Per definirne la storia, occorre effettuare un collegamento alla plurisecolare storia del popolo alcamese, richiamando l’attenzione delle nuove generazioni,  facendo conoscere i giorni fasti e nefasti della storia del nostro castello, le sortite militari di repressione, gli episodi di clemenza e di barbarie medievali.

La Sicilia, posta al centro del Mediterraneo, è stata il ponte tra Europa, Africa e Oriente, punto di incontro e di scontro fra potenze in lotte, subendo varie invasioni nel corso della storia. I conquistatori primitivi della Sicilia furono i Sicani, provenienti dalla Spagna, i Siculi, sopraggiunti dall’Italia e gli Elimi, Troiani sfuggiti agli Achei. Gli Elimi conquistarono la parte occidentale della Sicilia, e arricchirono il territorio di monumenti storici affini alla cultura greca, dovuta alla loro cultura Grecanica. Attorno al 580 a.c. i Greci occuparono tutta la Sicilia.

Nel 700 a.C. arrivarono i Fenici, che insediarono solo gli scali commerciali (Mozia, Palermo, Selinunte, Trapani).
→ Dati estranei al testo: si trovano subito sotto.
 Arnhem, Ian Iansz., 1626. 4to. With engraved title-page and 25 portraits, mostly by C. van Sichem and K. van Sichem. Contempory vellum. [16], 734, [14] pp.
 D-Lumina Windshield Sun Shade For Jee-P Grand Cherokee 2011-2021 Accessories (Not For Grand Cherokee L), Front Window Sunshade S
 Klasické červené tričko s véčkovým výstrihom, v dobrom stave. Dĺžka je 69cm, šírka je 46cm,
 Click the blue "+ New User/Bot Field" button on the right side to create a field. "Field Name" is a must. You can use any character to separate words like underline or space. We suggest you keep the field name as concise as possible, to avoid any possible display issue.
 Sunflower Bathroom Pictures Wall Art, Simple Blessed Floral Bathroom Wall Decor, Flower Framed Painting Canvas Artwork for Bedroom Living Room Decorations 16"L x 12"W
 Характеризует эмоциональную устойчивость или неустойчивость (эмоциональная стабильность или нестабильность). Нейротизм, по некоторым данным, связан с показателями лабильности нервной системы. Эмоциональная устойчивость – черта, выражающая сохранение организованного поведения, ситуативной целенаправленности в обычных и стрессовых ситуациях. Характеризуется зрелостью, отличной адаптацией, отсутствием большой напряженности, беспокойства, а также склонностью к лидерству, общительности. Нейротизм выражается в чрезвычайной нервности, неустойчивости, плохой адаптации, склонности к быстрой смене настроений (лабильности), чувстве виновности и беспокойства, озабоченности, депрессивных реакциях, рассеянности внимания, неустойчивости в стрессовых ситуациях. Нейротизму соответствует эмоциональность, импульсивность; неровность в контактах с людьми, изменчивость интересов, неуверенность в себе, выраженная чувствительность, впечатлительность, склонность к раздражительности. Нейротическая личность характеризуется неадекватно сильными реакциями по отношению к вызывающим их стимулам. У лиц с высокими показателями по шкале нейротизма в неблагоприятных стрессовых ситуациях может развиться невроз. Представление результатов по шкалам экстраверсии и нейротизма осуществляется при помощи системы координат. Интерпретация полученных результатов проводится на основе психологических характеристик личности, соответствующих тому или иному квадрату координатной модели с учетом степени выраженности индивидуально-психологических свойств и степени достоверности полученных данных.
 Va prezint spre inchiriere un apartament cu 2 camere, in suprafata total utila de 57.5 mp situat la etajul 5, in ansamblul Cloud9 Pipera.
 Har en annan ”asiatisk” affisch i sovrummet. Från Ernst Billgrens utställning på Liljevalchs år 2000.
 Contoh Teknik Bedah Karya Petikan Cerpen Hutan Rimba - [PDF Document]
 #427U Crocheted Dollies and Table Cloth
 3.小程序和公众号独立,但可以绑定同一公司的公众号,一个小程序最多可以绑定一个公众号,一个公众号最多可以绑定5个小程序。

Il sopraggiungere dei Romani, trasformò l’isola in “Granaio della Repubblica” e  l’isola fu sottoposta a terribili sparizioni del suo patrimonio artistico. In seguito alla caduta dell’Impero romano, Alcamo, come il resto di tutte le città siciliane, soffrì  per le invasioni barbariche e per la successiva dominazione bizantina, intorno al IV sec.